Before starting the tutorial, make sure you have:

  1. Access to a Google Cloud project with billing enabled.
  2. kubectl installed and configured on your machine (version compatible with your GKE cluster).
  3. Helm installed (v3+).
  4. The Google Cloud CLI (gcloud) installed and initialized (you can run gcloud auth login and gcloud config list without errors).
  5. The gke-gcloud-auth-plugin installed and available in your PATH so that kubectl can authenticate to GKE clusters.
  6. Permissions in the target Google Cloud project to:
    • create and manage GKE clusters (e.g. Kubernetes Engine Cluster Admin or equivalent),
    • create and use Cloud Storage buckets if you plan to use GCS for data.

What you'll accomplish in this guide:

StepTaskPurpose
1Create two GKE clustersSet up master (control plane) and remote (job execution)
2Install Ilum on masterDeploy Ilum's core components
3Set up authenticationCreate secure credentials for remote cluster access
4Register remote clusterAdd cluster to Ilum's management interface
5Configure networkingEnable communication between clusters
6Run your first jobVerify the multi-cluster setup works

Step 1. Provision Master and Remote GKE Clusters

The foundation of a multi-cluster setup consists of two distinct entities:

  • Master Cluster: Hosts the Ilum control plane (UI, API, Scheduler).
  • Remote Cluster: dedicated environment where Ilum executes the Spark Jobs dispatched from the master.

Create a project

  • Open Google Cloud Console.
  • Click the Project selector in the top-left corner.
  • Click New Project.
  • Enter a project name and (if applicable) select an Organization/Folder.
  • Click Create.
  • Select the newly created project in the project selector.

Enable Google Kubernetes Engine API

  • In the Console search bar, type Kubernetes Engine.
  • Open Kubernetes Engine.
  • Click Enable to enable the Google Kubernetes Engine API for the selected project.

Switch to the chosen project in gcloud

  • In the Console, open the project selector and copy the Project ID.
  • In your terminal, set this project as active:
Set Project
gcloud config set project PROJECT_ID
  • (Optional) If you plan to create clusters in a specific region often, set a default region:
Set Default Region
gcloud config set compute/region europe-central2

This avoids errors requiring --region / --zone.

Create a cluster

Create the master cluster first:

Create Master Cluster
gcloud container clusters create master-cluster \
--machine-type=n1-standard-8 \
--num-nodes=1

Create the remote cluster with a different name:

Create Remote Cluster
gcloud container clusters create remote-cluster \
--machine-type=n1-standard-4 \
--num-nodes=1
important

Resource Requirements & Architecture:

Why two clusters? The master cluster runs Ilum's control plane (UI, API, scheduler). The remote cluster executes your Spark jobs. This separation allows independent scaling and multi-cluster management from one interface.

Sizing:

  • Master cluster: This example uses n1-standard-8 (8 vCPU, 30 GB RAM) for testing only. Minimum recommended: 12 vCPUs and 48 GB RAM (e.g., n1-standard-12). Production environments with many users need significantly more.
  • Remote cluster: This example uses n1-standard-4 (4 vCPU, 15 GB RAM) for testing only. Production workloads require larger machines (e.g., n1-standard-16+) and multiple nodes depending on your Spark job requirements.
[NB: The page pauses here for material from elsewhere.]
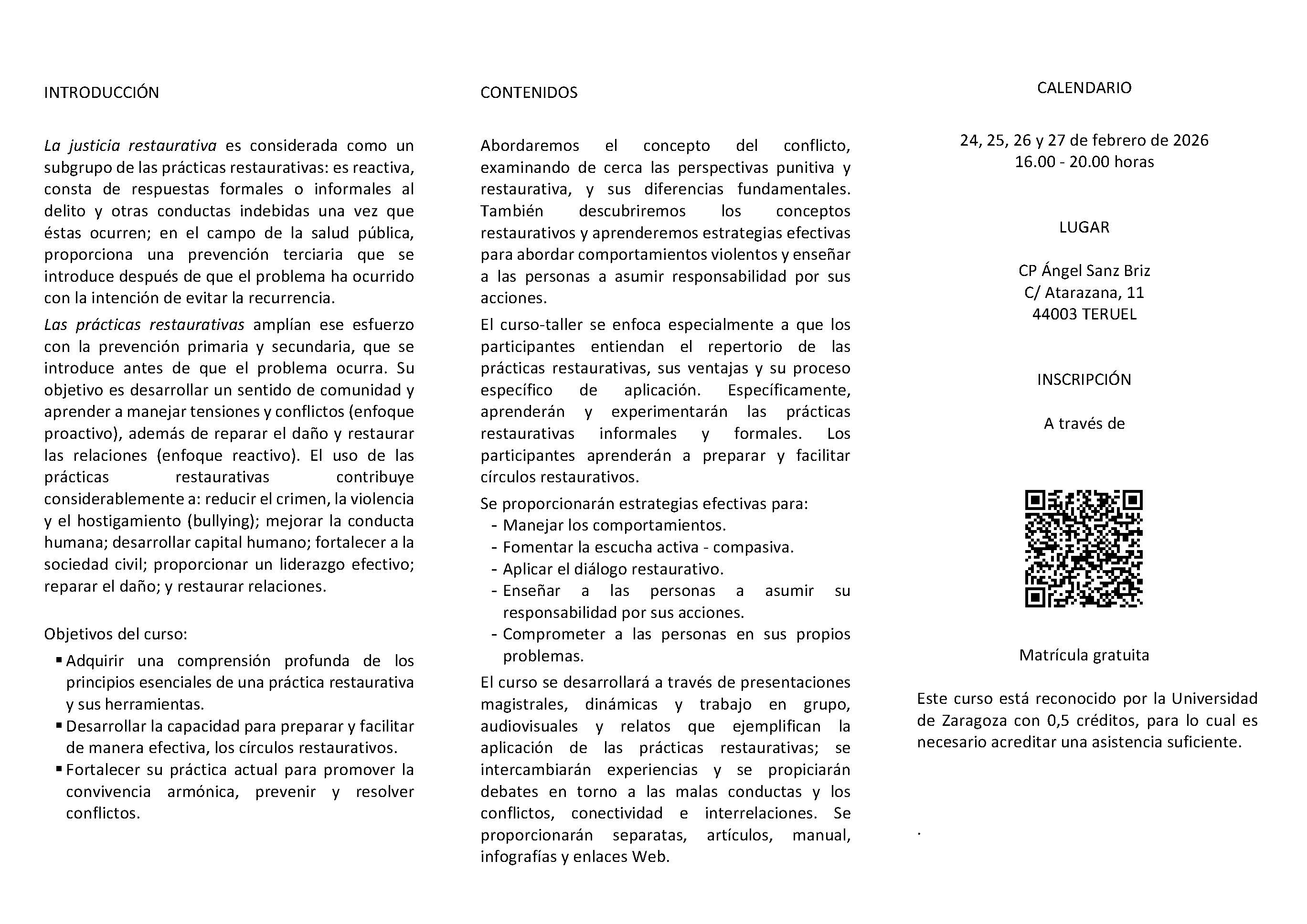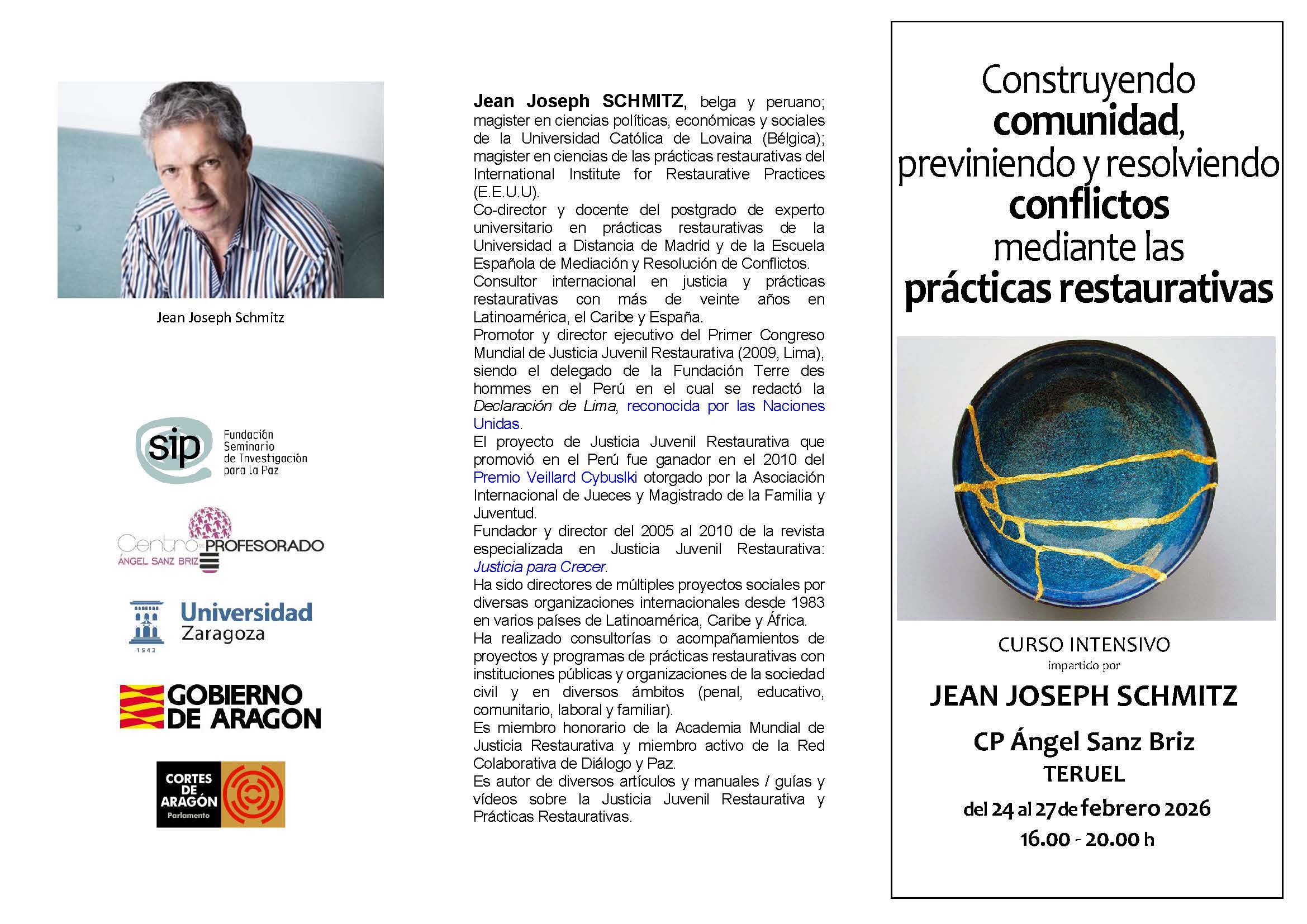 (Teruel, jueves, 19 de febrero de 2026). Teruel acogerá del 24 al 27 de febrero de 2026 el curso intensivo “Construyendo comunidad, previniendo y resolviendo conflictos mediante las prácticas restaurativas”, impartido por el consultor internacional Jean Joseph Schmitz, referencia en justicia restaurativa.

Step 2. Install Ilum Control Plane on Master Cluster

Once your clusters are running, the next step is to deploy the Ilum platform on the master cluster.

Switch to the master cluster config in kubectl

Switch Context
# get kubectl contexts and find the one with your cluster
kubectl config get-contexts
# switch to it using this command
kubectl config use-context MASTER_CLUSTER_CONTEXT

Create namespace and switch to it in kubectl

Setup Namespace
kubectl create namespace ilum
kubectl config set-context --current --namespace=ilum

Install Ilum using Helm charts:

Install Ilum
helm repo add ilum https://charts.ilum.cloud
helm install ilum -n ilum ilum/ilum
note

What just happened? You've installed Ilum's control plane on the master cluster. You can now access Ilum's interface to manage jobs across multiple clusters.

Step 3. Configure Authentication for Remote Cluster Access

important

Goal: Generate secure credentials (client certificates) that authorize the Ilum control plane to deploy and manage resources on the remote cluster.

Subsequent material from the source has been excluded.